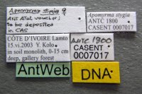 Apomyrmastygia este o specie de furnică găsită în Africade Vest, descrisă pentru prima dată în 1970. Este singura specie din genul monotipicApomyrma, tribul Apomyrmini, și subfamilia Apomyrminae. S-a sugerat că furnicile trăiesc în principal în pădurile tropicale și se pare că aparțin unei bresle de furnici cu care se hrănesc centipedele.
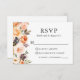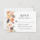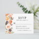 Carte RSVP de mariage floral élégant moderne à l'aquarelle comprenant de belles fleurs d'automne sur un cadre géométrique doré. Roses orange, roses pêche, roses dorées, roses roses, succulentes couleur prune, verdure botanique de roses blanches. Dos en terre cuite.
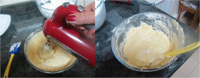 Le echamos las almendras a las yemas montadas y batimos un poco con la batidora para que no queden grumos.

* What is required *
Reproduce the listing exactly, minus its pictures.

* Your response *
 Apomyrmastygia este o specie de furnică găsită în Africade Vest, descrisă pentru prima dată în 1970. Este singura specie din genul monotipicApomyrma, tribul Apomyrmini, și subfamilia Apomyrminae. S-a sugerat că furnicile trăiesc în principal în pădurile tropicale și se pare că aparțin unei bresle de furnici cu care se hrănesc centipedele.
 Carte RSVP de mariage floral élégant moderne à l'aquarelle comprenant de belles fleurs d'automne sur un cadre géométrique doré. Roses orange, roses pêche, roses dorées, roses roses, succulentes couleur prune, verdure botanique de roses blanches. Dos en terre cuite.
 Le echamos las almendras a las yemas montadas y batimos un poco con la batidora para que no queden grumos.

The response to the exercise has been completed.